In case the ministers have forgotten, they should be reminded that Nigerians already knew that the economy and the country generally were in very bad shape, which was why they had high expectations on a new government that would lift them to a new high. Fortunately, these expectations coincided with and got latched onto the APC/Buhari change mantra.
The partnership which crystalised in the defeat of erstwhile President Goodluck Jonathan immediately propelled Buhari to the status of a cult figure, whose main mission in the next four years was to play a messianic role of truly embedding change in the true sense of the word not the current sissy footing that is being displayed in the last one year in office.
Let it be assumed that the administration has lost focus or put differently, was unprepared for the task of repositioning Nigeria. Nigerians have been told how many trillions the administration has saved and how it is working silently to achieve it set objectives and so on. What Nigerians indeed need is not for trillions to be saved and left languishing in banks’ vaults; this money should be put to work for them with utmost urgency.
Before now, Nigerians knew that private interests were fleecing the country dry from the payment of unjustified petroleum subsidy. They also knew that power supply had defied all imaginable interventions under previous administrations. It was also public knowledge that the road network was a death trap going by casualty figures from the Federal Road Safety Commission (FRSC) and worse of all, Nigerians were aware that despite the huge earnings from crude oil sales, the proceeds were frittered away on frivolities with some stolen.
Nigerians were therefore hoping that a new leadership would fish out who these private interests are, prosecute them and end the long reign of impunity on Nigerians, put in place a dependable refining and distribution network for petroleum products to end fuel shortages and also adopt alternative energy sources, including coal, wind, solar and geo-thermal.
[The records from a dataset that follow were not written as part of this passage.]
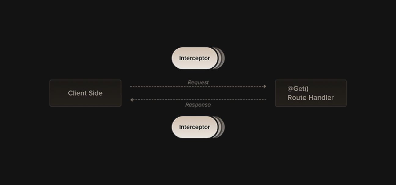 Interceptor는 그 이름에 걸맞게, 클라이언트와 컨트롤러 내 라우트 핸들러의 중간 지점에서, 요청 또는 응답을 가로채는 역할을 합니다.
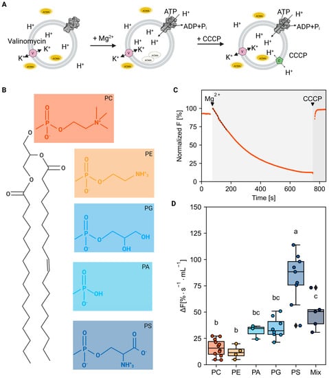 - Dufour, J.P.; Goffeau, A.; Tsong, T.Y. Active Proton Uptake in Lipid Vesicles Reconstituted with the Purified Yeast Plasma Membrane ATPase. Fluorescence Quenching of 9-Amino-6-Chloro-2-Methoxyacridine. J. Biol. Chem. 1982, 257, 9365–9371. [Google Scholar] [CrossRef] [PubMed]
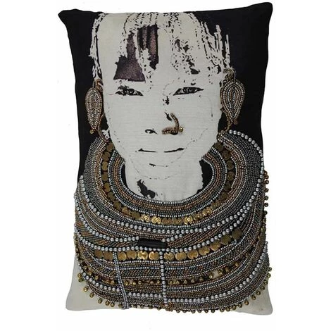 Magnifique coussin, inspiration ethnique chic. Collier de perles rebrodées à la main, un coussin œuvre d’art !
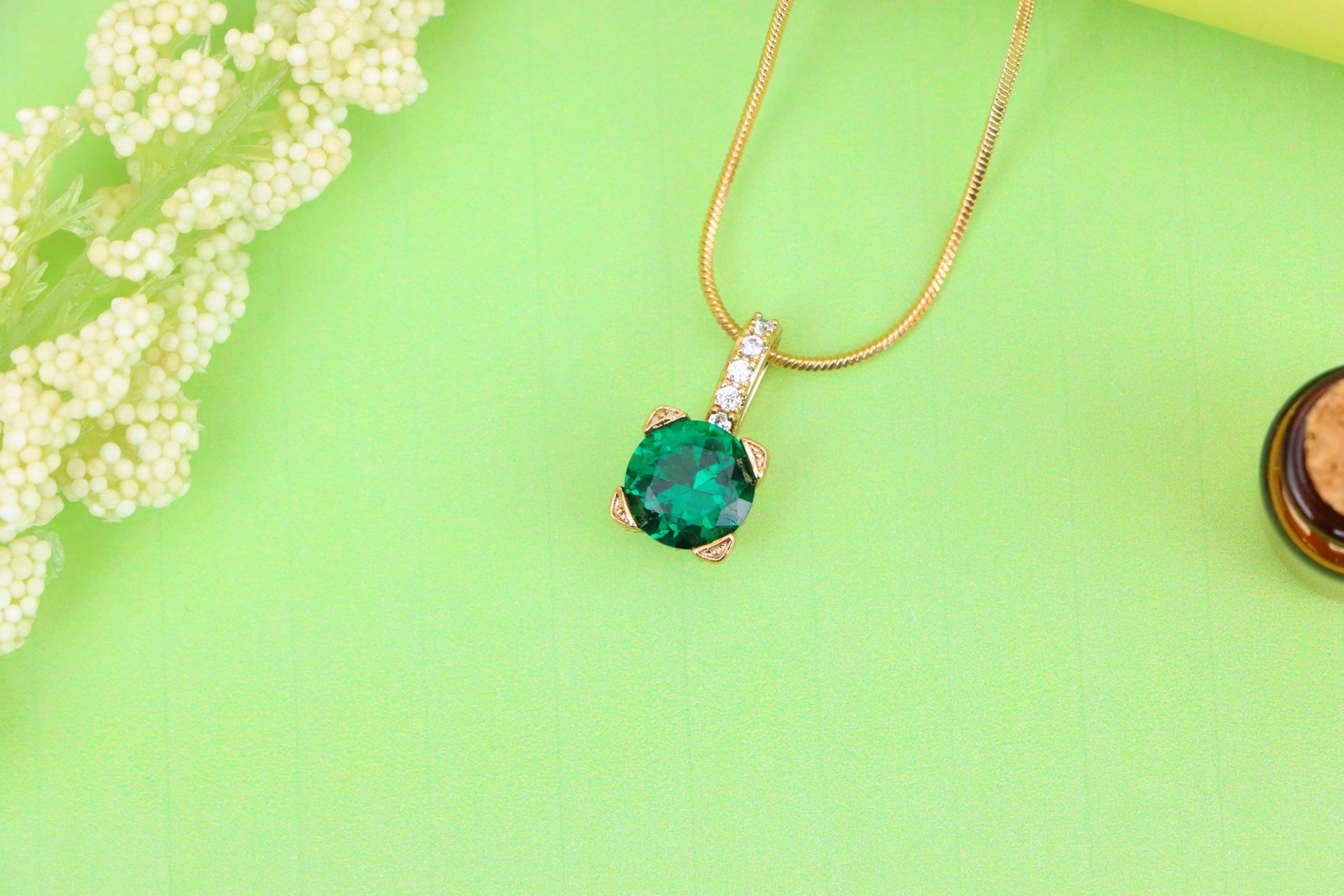 Vibrant Green Round Pendant with Stone-Studded Gold Plated Bail, XPPT1716

If the government is working silently, of course, let its result show tangibly so that Nigerians would be able to feel that in the disappearance of long fuel queues, job creation, the security of lives and property, affordable and qualitative education, medicare, housing and also in the deployment of an integrated, dependable and affordable world class transport system.
Therefore, the president should as a matter of urgency, recall these ministers from the current circus back to their respective offices to begin to work in earnest for Nigerians so that they can deliver what they promised them. The roadshow is a complete waste of tax payers’ scarce resources and a jamboree that the country, in its present state, can ill afford.
If it must continue, the president could direct the Minister of Information, who had succeeded ‘in selling coal to Newcastle’ to continue his job of propagating the policies of the administration.
Nigerians are angry and demand action and results. They are not prepared for appeasement through begging as the town hall meeting indicates. Doing so would amount to insulting their intelligence and further widening the gap and alienating itself far more than it is now from the same people it is claims to be working to protect.